作中には、そんな給食の時間によく食べたであろう6つの献立が登場します。
王道のメニューから時には箸が進まなかったあのちょっと不思議なおかずまで...。懐かしい献立と共に、子どもの頃にトリップする6人の大人たちのエピソードを堪能ください。
🍴ソフト麺
憧れの学校教師になったものの、厳しい現実にくじけそうになった男に出された思い出の給食。
パスタでもうどんでもないこのパスタ麺を食べた時に蘇ったのは、かつての恩師の姿でした。
また、人によって分かれるパスタ麺の食べ方に思わず共感してしまう方も多いのでは?
🍴酢豚
給食では、時に子どもにとっては理解しがたいおかずが出てくることもありましたよね。
特に酢豚は、大人になった今では美味しく感じるけれど、当時はおかずにフルーツが入っている...と衝撃を受けて思わず残してしまった方も多いのではないでしょうか。

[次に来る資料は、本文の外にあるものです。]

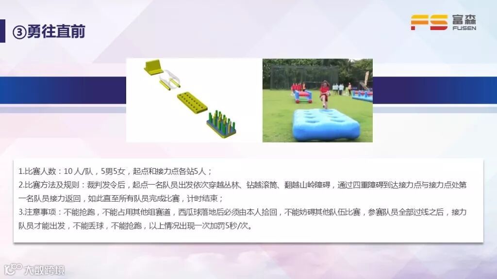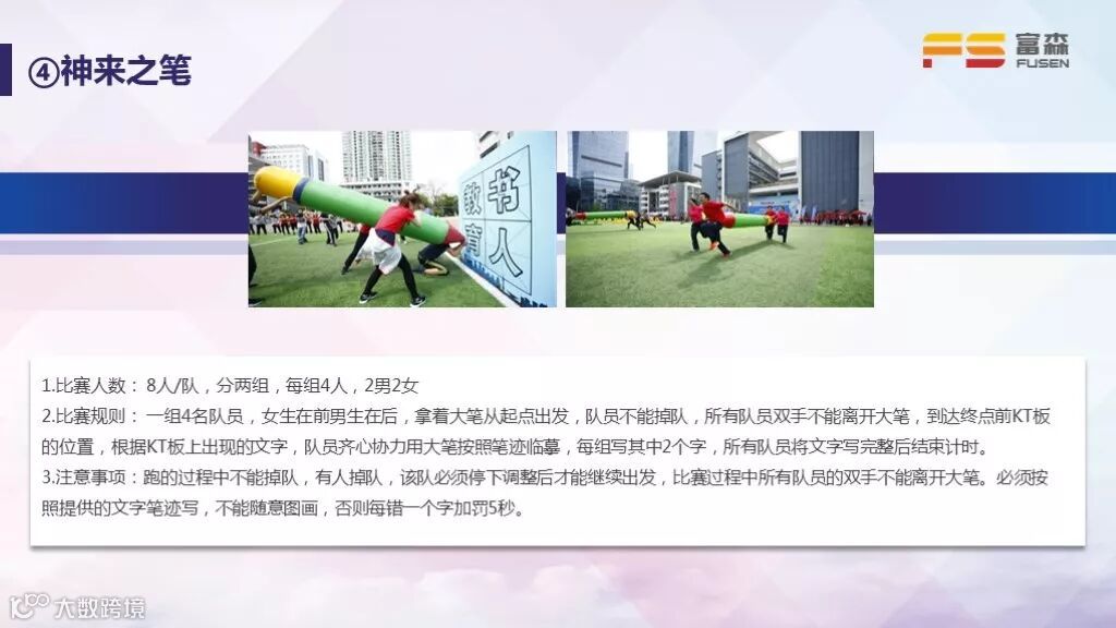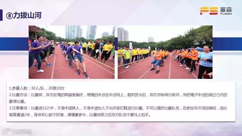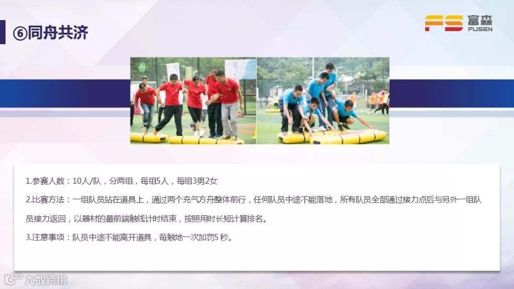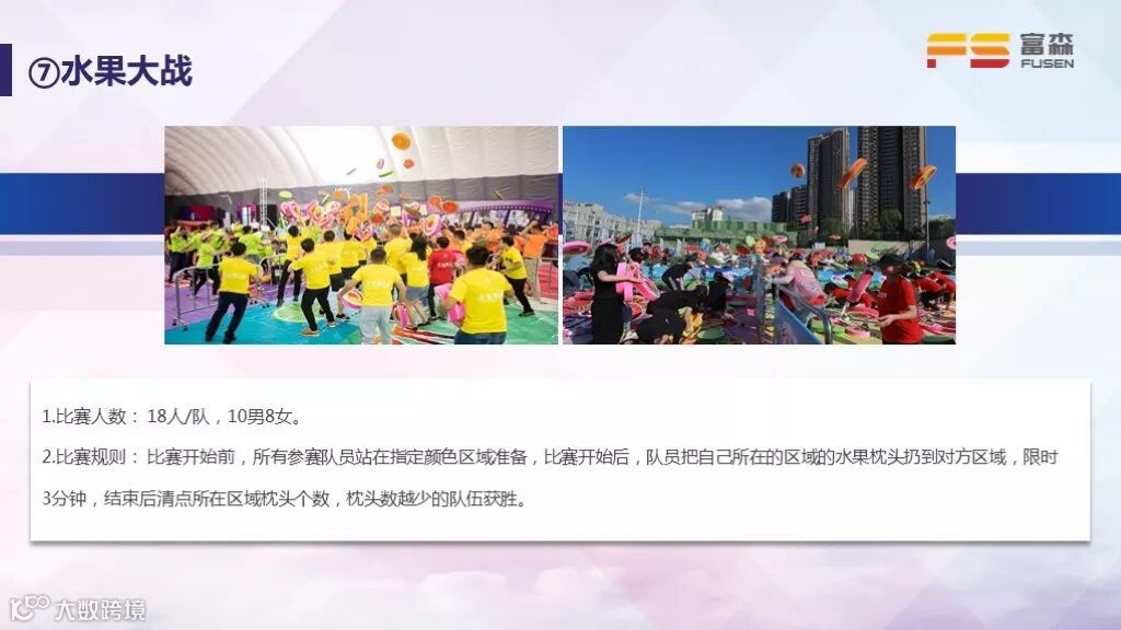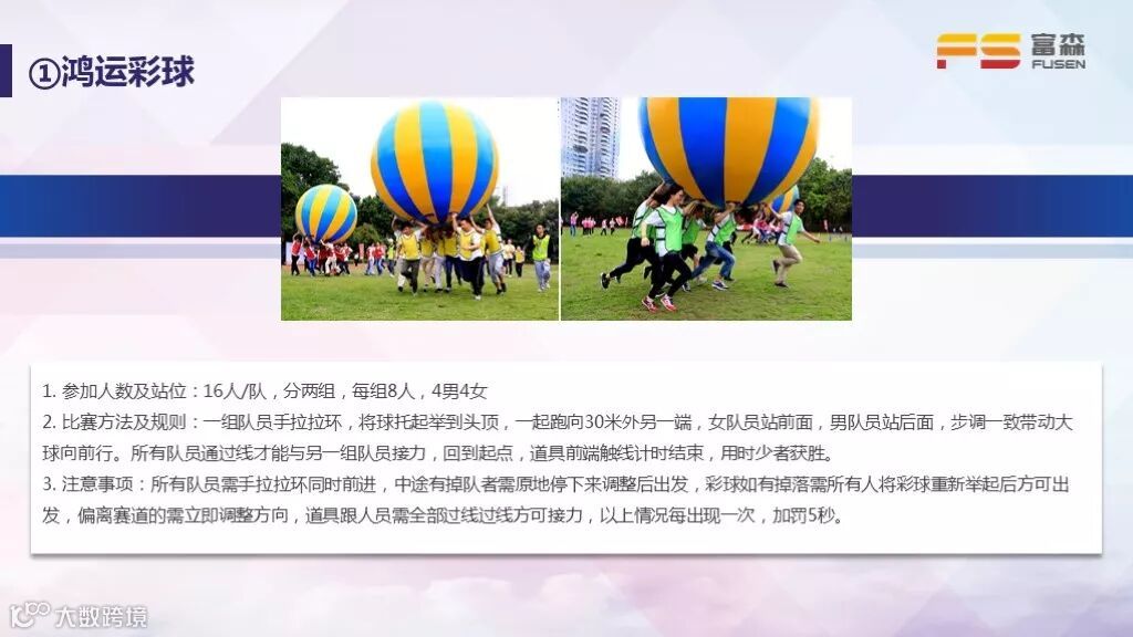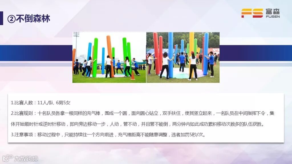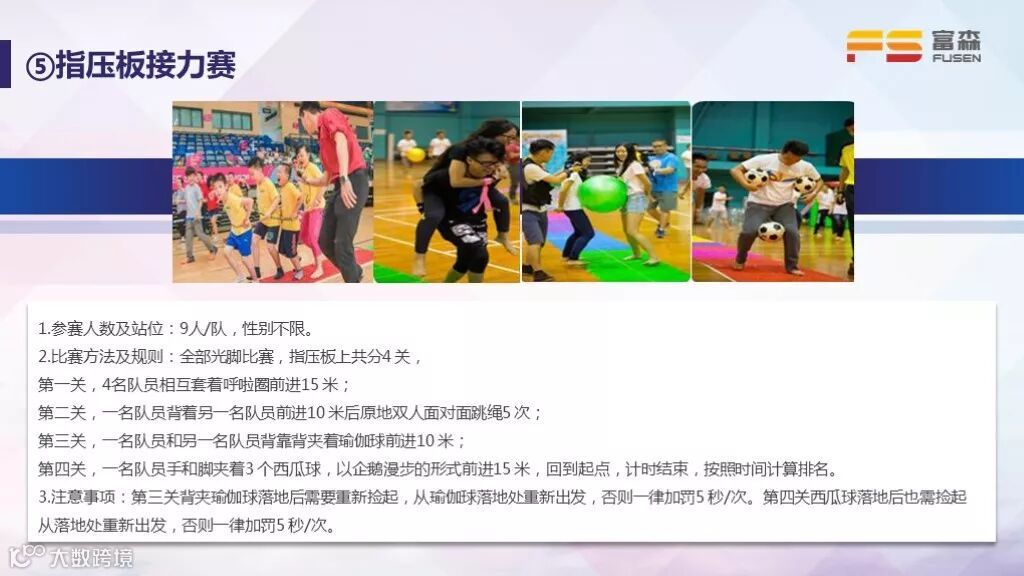 五、活动项目:鸿运彩球、不倒森林、勇往直前、神来之笔、指压板接力赛、同舟共济、水果大战、趣味拔河

ひょんなことから「めしや給食」に訪れた女性が、苦手な給食だった酢豚を前にした時何を思い出すのでしょうか?
🍴シチュー
給食といえば、給食当番の存在を忘れてはいけません。
子どもたちが給食を教室まで運びクラス全員に配膳する、という大人になった今では考えられない作業です。シチューなどの汁物が重くて、運ぶ途中に給食をこぼしてしまう子どももいたはずです。
そんな苦い記憶から心に呼び戻ったのは、暖かいシチューの味と人との関わり方でした。
その他に、優しい味付けとレーズンが印象的な「フレンチサラダ」や人気のおかず「クジラの竜田揚げ」、そして献立に登場するととっても嬉しかった「フルーツポンチ」などが登場します。
原点にして頂点のグルメ、給食
好きな献立が出る日は学校に行くのが楽しみだったり、じゃんけんで余りものを奪い合ったり...。
給食は、私たちが「食」に対して強い意識を持つきっかけとなるような出来事だったのではないでしょうか。
大人になった今、当時の給食を食べても感動することはないけれど、何物にも変え難い思い出が心の奥底で蘇るはずです。
まさに原点にして、私たちの心を揺さぶる頂点のグルメ。
ぜひ、6人の登場人物たちと一緒に思い出の給食をマンガで味わってみてください。